Alcool

Je n’arrive pas à me mettre en colère, alors je tourne sur moi même, je fais les cent pas, je gueule sur l’inutile et je me tais sur l’essentiel, je voudrais vomir, mais tout reste coincé, j’ai de trop gros morceaux à faire passer, je ne digère pas, je voudrais qu’on me frappe au ventre, qu’on m’attende dans une allée sombre et qu’on me claque la tête sur le pavé, je voudrais avoir mal, pour de vrai, qu’on me laisse pour morte, usée, bleue, sanguinolente, je voudrais qu’on m’humilie et qu’on me souille de crachats, je voudrais qu’on écrive sur mon corps à l’encre indélébile ces mots qui ne sortent pas. J’ai besoin de me faire du mal, d’une façon ou d’une autre, en me brûlant la peau ou les ailes, en cherchant le vice dans ce qui aurait pu être joli, en salissant ce que je touche, en m’oubliant parmi ces autres qui s’en foutent. Le plus cruel c’est sans doute d’être assez sobre pour être réaliste, se voir agir sans pouvoir se l’interdire, je préférais l’ivresse, je préférais le bruit, à trop voir le contraste, à trop lire les reliefs, je n’ai que le vertige, la nausée sans le whisky.

Je contemple parfois un verre d’alcool qui traîne, seule chez moi. Je le pose sur la table, et je m’assois en face de lui, je décompose sa formule, regarde le glaçon disparaître. Je ne bois pas. Je ne boirai plus. C’est peut-être pourtant ce qui me manque pour me permettre d’exploser, me détendre assez pour faire céder mes vannes, laisser la boue couler. J’ai voulu rester sobre pour ne plus jamais me perdre, pour verrouiller sous ma peau ces autres qui m’habitent quand l’alcool les libère, pour me protéger des hasards, des rencontres, de la danse et du rire, pour me prouver que je n’avais pas besoin de crier pour être entendue, de forcer ma chance pour être embrassée. Résultats mitigés. Je me suis enfermée au lieu de me protéger, réflexe primal de bête blessée, je ne sais pas boire à moitié, je n’aime dans le vin et les alcools que leurs degrés élevés, je veux mon ventre tendu de bière tiède, les reflux acides au parfum cerise. J’ai arrêté de boire, de fumer, de me droguer. Il ne me reste que la bouffe, je chasse le dragon sur les papiers gras et les desserts sucrés, c’est le high du pauvre, du simple, celui qui empêche simplement de penser, la défonce solitaire et honteuse de la boulimique plutôt que la descente festive normalisée du dimanche soir, restes de tequila et de mdma.

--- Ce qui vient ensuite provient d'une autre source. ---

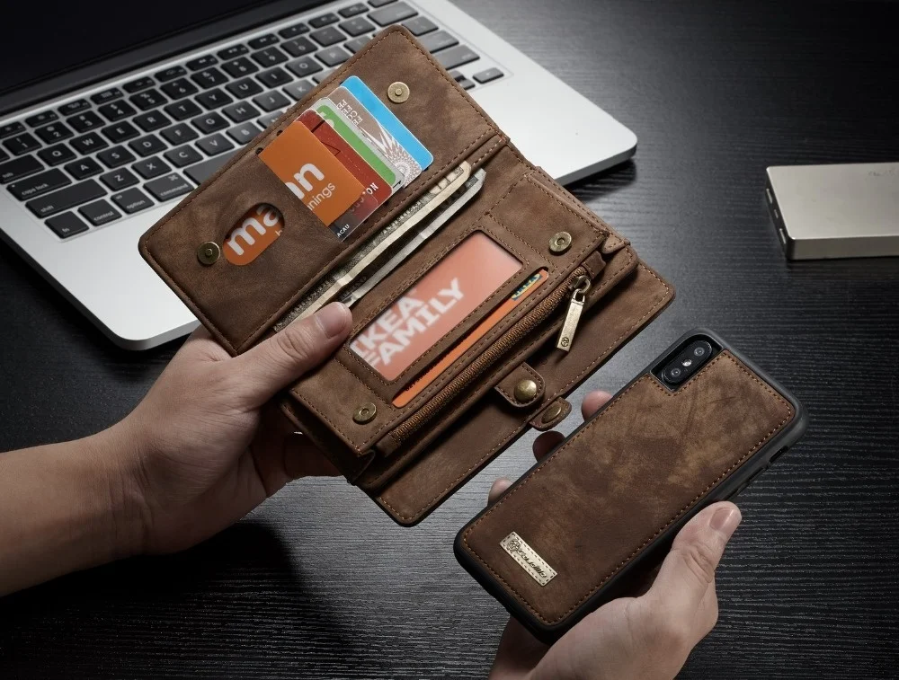 1 x Кожаный чехол-кошелек с магнитным слотом для карт ударопрочный откидной клапан

Je voudrais arrêter de vouloir tout contrôler. Je voudrais faire confiance, au conducteur de bus, au métro, à ceux qui me proposent leur amitié, aux gens dans la rue, à ceux qui prétendent m’aimer. Pas la confiance naïve des imbéciles heureux, mais l’aisance confortable de ceux qui se supportent, ceux qui ont trouvé comment s’aimer.

5 réflexions sur « Alcool »

  1. Merci Daria de faire résonner le vide au fond de mon bide…. Tout ce que je pourrais écrire à ce sujet ne résonnerait pas plus que ce que je viens de lire. Comme quoi y’a peut-être encore quelque chose de vivant là-dedans. Trop morte ou trop vivante, comment savoir… Heureusement que la défonce est là pour éponger les essais de vie avortés.

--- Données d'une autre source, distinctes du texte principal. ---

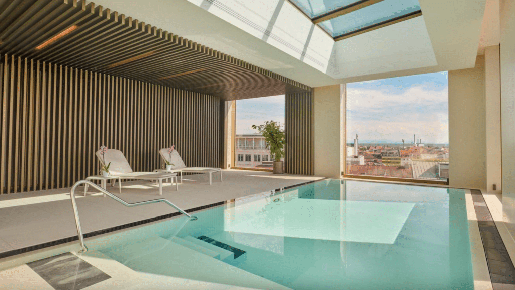 Der Private Spa mit Blick über München begeistert mit großzügigem Innenpool, Sauna und einer Erlebnisdusche. Um das kostenfreie zwei Stunden Fenster nutzen zu können, ist abhängig von der Verfügbarkeit, eine Vorabreservierung an der Hotelrezeption notwendig. In der separaten Spa-Lounge könnt Ihr Euch beispielsweise eine wohltuende Massage buchen oder eine Kleinigkeit zu Speisen und zu Trinken bestellen. Stilvoller kann man nur für sich in München wohl nicht ausspannen.

  2. Le vide dont tu parles fait penser à celui que l’on retrouve dans les troubles de la personnalité de type border-line. Mais tu le sais peut-être déjà. Accroche-toi ça s’améliore avec le temps. L’arrêt de l’alcool me paraît une décision courageuse et difficile à tenir à notre époque.

  3. « La défonce solitaire et honteuse de la boulimique ».
    Pas pire que les défonces plus conventionnelles et surtout moins regardées de haut.
    J’aurais tendance à dire qu’il y a des phases, c’est peut-être un point bas en ce moment, mais ça peut remonter.
    Moi je m’aime, mais je ne fais toujours pas confiance à ceux qui disent m’aimer aussi. C’est le plus dur, la confiance.